Personal information
- Full name: João Luiz Gomes Júnior
- Born: 21 January 1986 (age 40) Vitória, Espírito Santo, Brazil
- Height: 1.90 m (6 ft 3 in)
- Weight: 89 kg (196 lb)

Sport
- Sport: Swimming
- Strokes: Breaststroke
- Club: Pinheiros
- Coach: Mirco Cevales

Medal record
Representing Brazil
World Championships (LC)
| Silver medal – second place | 2017 Budapest | 50 m breaststroke |
| Bronze medal – third place | 2019 Gwangju | 50 m breaststroke |
World Championships (SC)
| Bronze medal – third place | 2021 Abu Dhabi | 50 m breaststroke |
Pan Pacific Championships
| Bronze medal – third place | 2018 Tokyo | 100 m breaststroke |
Pan American Games
| Gold medal – first place | 2019 Lima | 100 m breaststroke |
| Gold medal – first place | 2019 Lima | 4×100 m mixed medley |
| Silver medal – second place | 2019 Lima | 4×100 m medley |
| Silver medal – second place | 2023 Santiago | 4×100 m medley |
| Bronze medal – third place | 2023 Santiago | 4×100 m mixed medley |
Universiade
| Silver medal – second place | 2011 Shenzhen | 50 m breaststroke |
| Bronze medal – third place | 2011 Shenzhen | 100 m breaststroke |
South American Games
| Silver medal – second place | 2010 Medellín | 50 m breaststroke |
| Bronze medal – third place | 2010 Medellín | 100 m breaststroke |
Military World Games
| Gold medal – first place | 2019 Wuhan | 50 m breaststroke |

= João Gomes Júnior =

Brazilian swimmer (born 1986)

João Luiz Gomes Júnior (born 21 January 1986) is a Brazilian breaststroke swimmer.

==International career==
===2009–12===
He was in the Brazilian national delegation who attended the 2009 World Aquatics Championships in Rome, where he competed in the 50-metre and 100-metre breaststroke. He went to the 50-metre breaststroke final, finishing in 7th place. He also finished 30th in the 100-metre breaststroke.

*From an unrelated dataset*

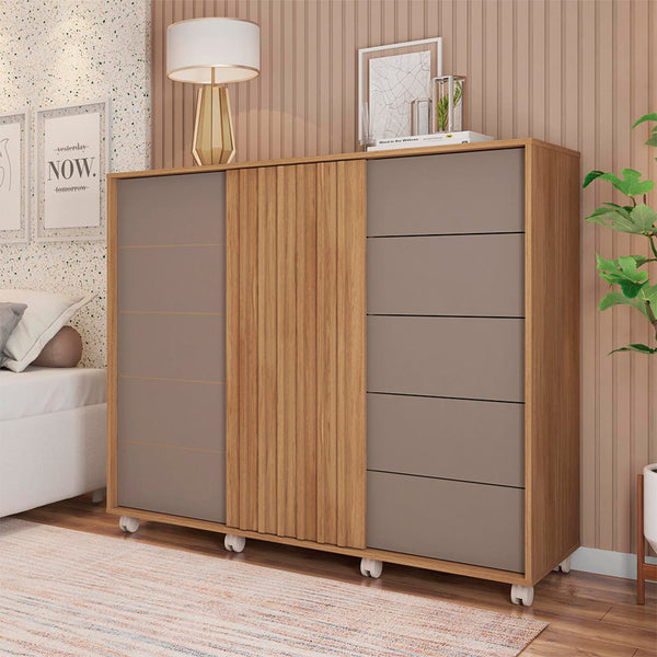 Guarda Roupa Casal 2 Portas de Correr com Espelho e 4 Gavetas 2.4 Flex Moviment Caemmun

Gomes got the gold medal at the 2009 Paris Open, in the 50-metre breaststroke.

At the 2010 South American Games, he won the silver medal in the 50-metre breaststroke, and bronze in the 100-metre breaststroke.

He was at the 2010 Pan Pacific Swimming Championships in Irvine, where he finished 7th in the 50-metre breaststroke, and 13th in the 100-metre breaststroke.

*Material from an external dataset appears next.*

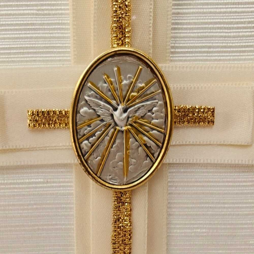 Un hermoso y emotivo detalle para acompañar este paso tan importante en la fe. Este elegante kit destaca por su delicada textura en tonos blancos y sutiles destellos dorados que inspiran paz y devoción. Incluye la sagrada biblia y su tradicional cirio a juego, ambos decorados con una fina cruz y la imagen del Espíritu Santo al centro. Un recuerdo invaluable, pensado con amor para atesorar toda la vida y celebrar este día inolvidable.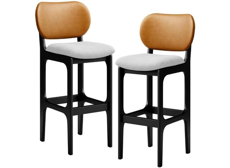 Kit 2 Banquetas Alta Betta Preto Whisky Linho Cinza

At the 2010 FINA World Swimming Championships (25 m) in Dubai, João finished 11th in the 50-metre breaststroke.

Participating in the 2011 Summer Universiade, João was silver medal in the 50-metre breaststroke, and bronze in the 100-metre breaststroke.

At the 2012 FINA World Swimming Championships (25 m), in Istanbul, João was very close to getting a historic medal. He finished in 4th place in the 50-metre breaststroke and 11th in the 100-metre breaststroke, and helped Brazil's 4×100-metre medley to go to the final where the relay finished in 4th place.

===2013–16===
At the 2013 World Aquatics Championships in Barcelona, João finished 14th in the 100-metre breaststroke. In the 50-metre breaststroke, he qualified in third place for the final, with a time of 27.05 seconds. In the final, finished 5th, with a time of 27.20 seconds.

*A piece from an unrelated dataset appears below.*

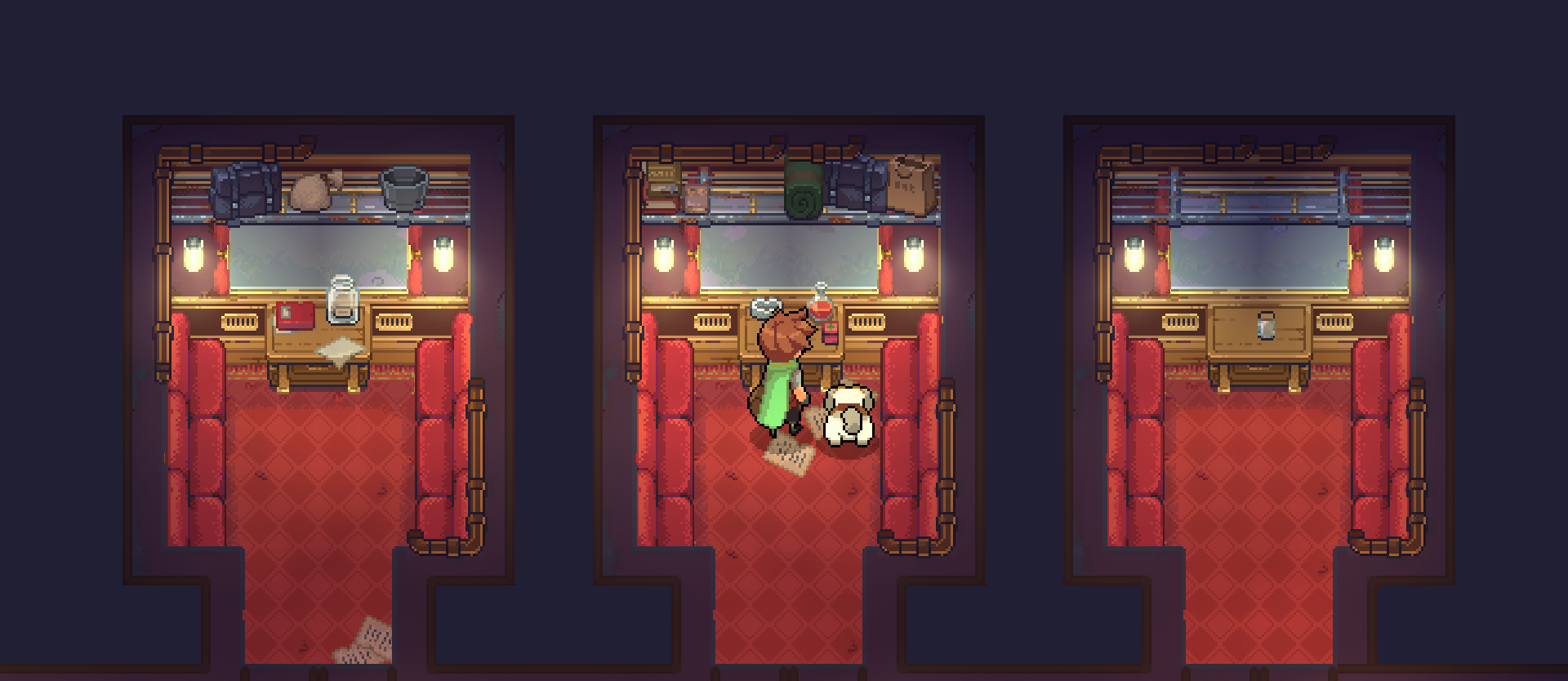 게임을 시작하면 기차를 타고 기다리는 한 청년이 있습니다. 바로 우리가 플레이를 하게 될 주인공입니다. 옆에는 귀여운 멍멍이 한 마리도 같이 있네요.

At the 2014 Pan Pacific Swimming Championships in Gold Coast, Queensland, Australia, he finished 10th in the 100-metre breaststroke.

At the 2014 FINA World Swimming Championships (25 m) in Doha, Qatar, João won three gold medals in three Brazilian relays, by participating at heats, in the men's 4 × 50 metre medley relay, in the men's 4 × 100 metre medley relay, and in the 4 × 50 metre mixed medley relay. João also finished 8th in the men's 50 metre breaststroke and 23rd in the men's 100 metre breaststroke.
On 4 December 2014, João was tested positive for hydrochlorothiazide, a so-called "specified substance" which may be used to mask performance-enhancing drugs. All his results achieved on or after 4 December 2014 shall be annulled. The results of the Brazilian relays obtained were not cancelled.

At the 2016 Maria Lenk Trophy, he classified to the 2016 Summer Olympics in Rio de Janeiro, with a time of 59.06 in the 100-meter breaststroke, second best time in the world in the year, almost breaking the Henrique Barbosa's South American record of 59.03, obtained in 2009 with technological supersuits.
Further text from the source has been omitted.